● **DATA EXTRACT**:

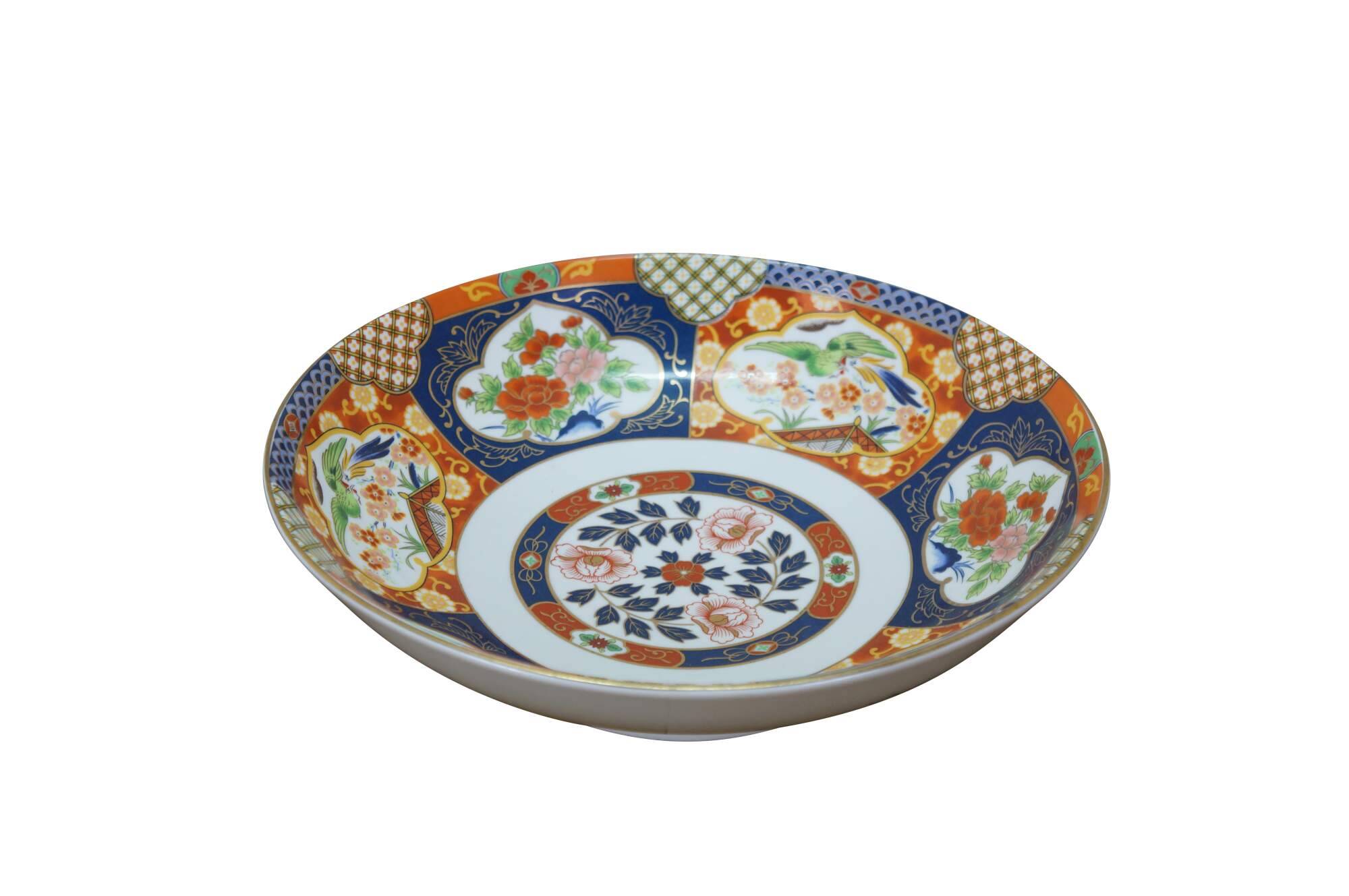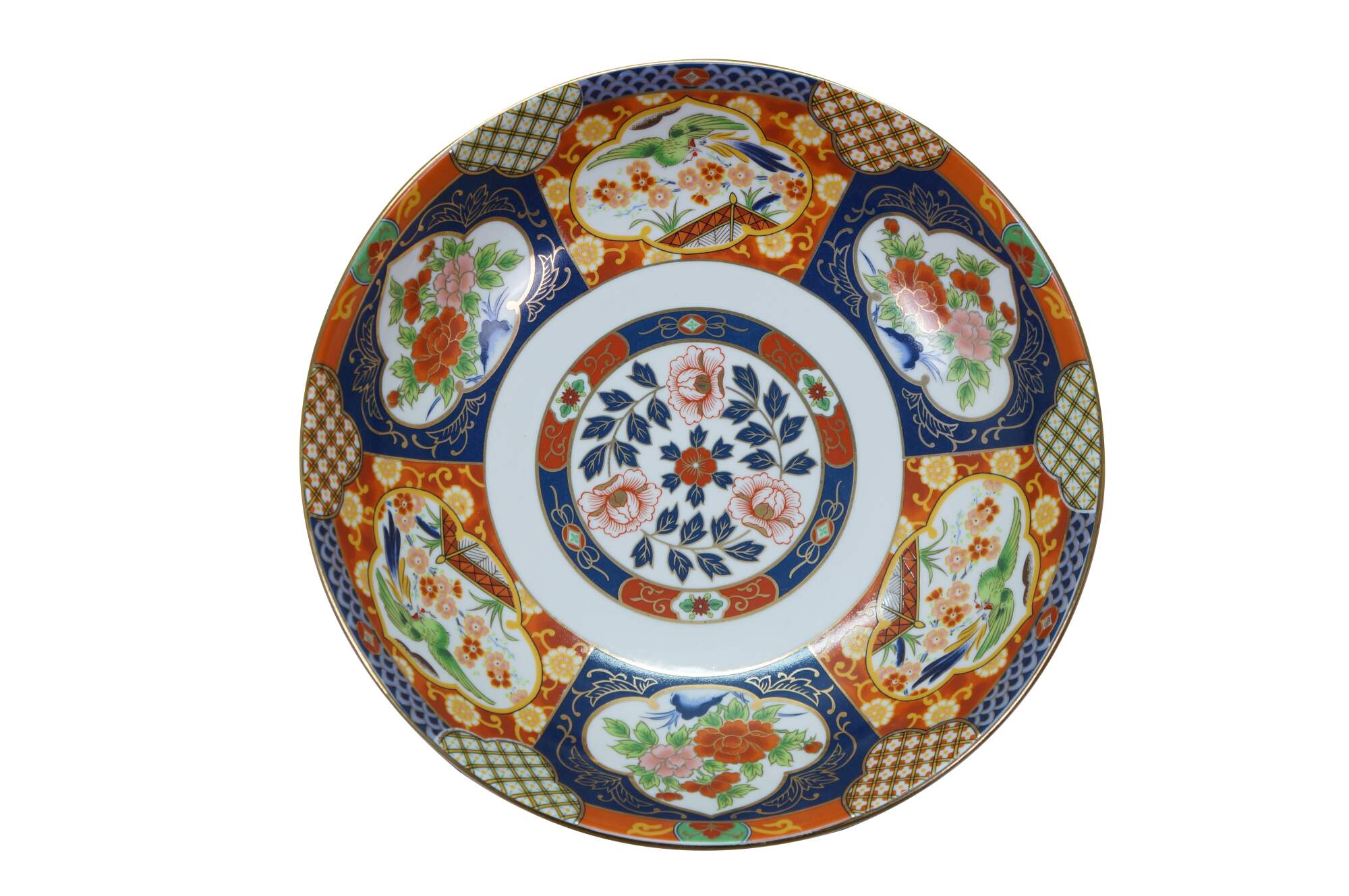 Large vintage Japanese Imari porcelain bowl featuring a traditional Imari color palette of cobalt blue, vibrant red-orange, green, and rich gold accents including a central floral medallion surrounded by panels with alternating floral and mystical bird motifs.
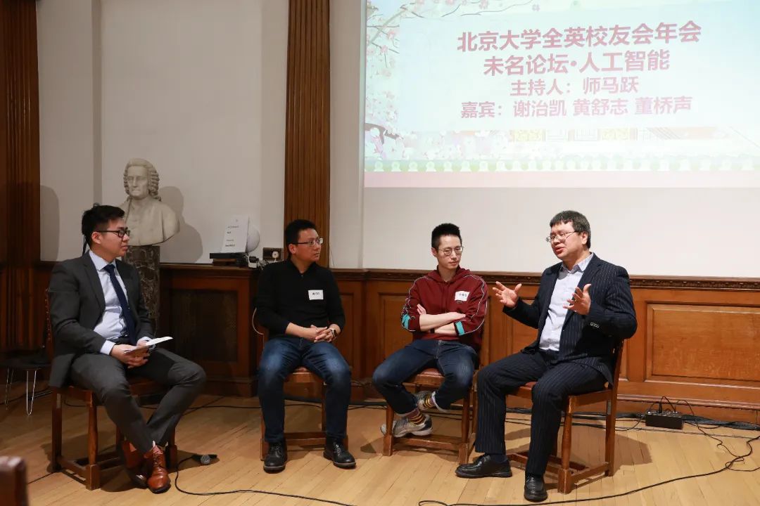 人工智能论坛由2013级信息工程学院校友师马跃主持,2001级国际关系学院校友、资深对冲基金投资经理谢治凯,2007级信息科学技术学院校友、AMMO AI CEO黄舒志,以及2003级医学部校友、Capsea创始人董桥声,分别围绕AI时代的投资、创业及历史哲学角度展开深入讨论。
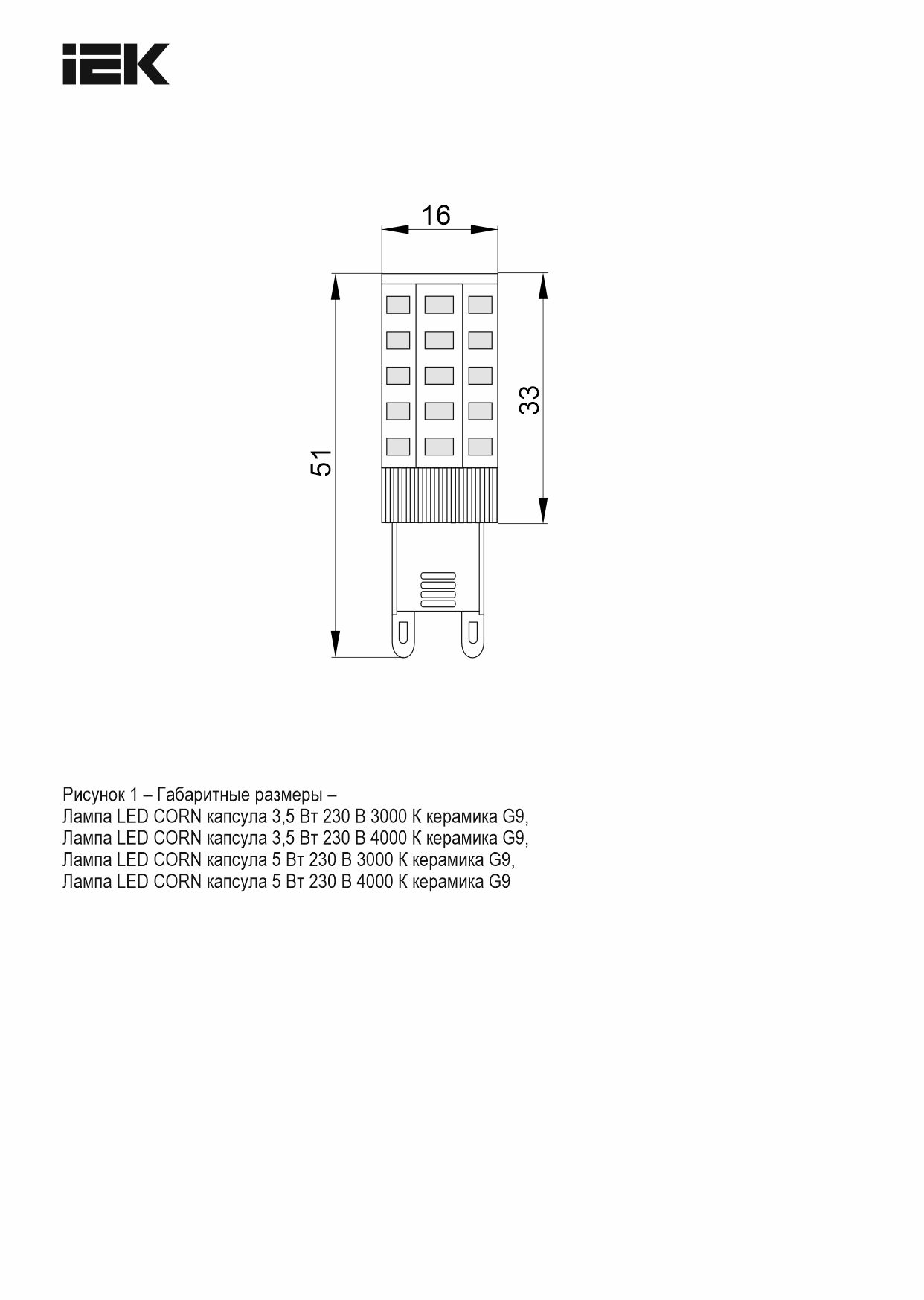 Шам LED CORN капсула 5Вт 230В 3000К керамика G9 ИЭК
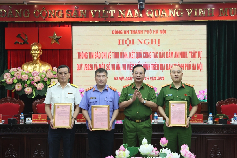 Chiều 6/4, Công an TP Hà Nội tổ chức hội nghị thông tin báo chí về tình hình, kết quả công tác bảo đảm an ninh, trật tự trong quý I/2026 và một số vụ án, vụ việc điển hình trên địa bàn.

● **TASK DESCRIPTION**: Print exactly, and only, the lines from the one with "Шам LED CORN" through the last line of the listing above. No pictures belong in the copy.

● **TASK OUTPUT**:
 Шам LED CORN капсула 5Вт 230В 3000К керамика G9 ИЭК
 Chiều 6/4, Công an TP Hà Nội tổ chức hội nghị thông tin báo chí về tình hình, kết quả công tác bảo đảm an ninh, trật tự trong quý I/2026 và một số vụ án, vụ việc điển hình trên địa bàn.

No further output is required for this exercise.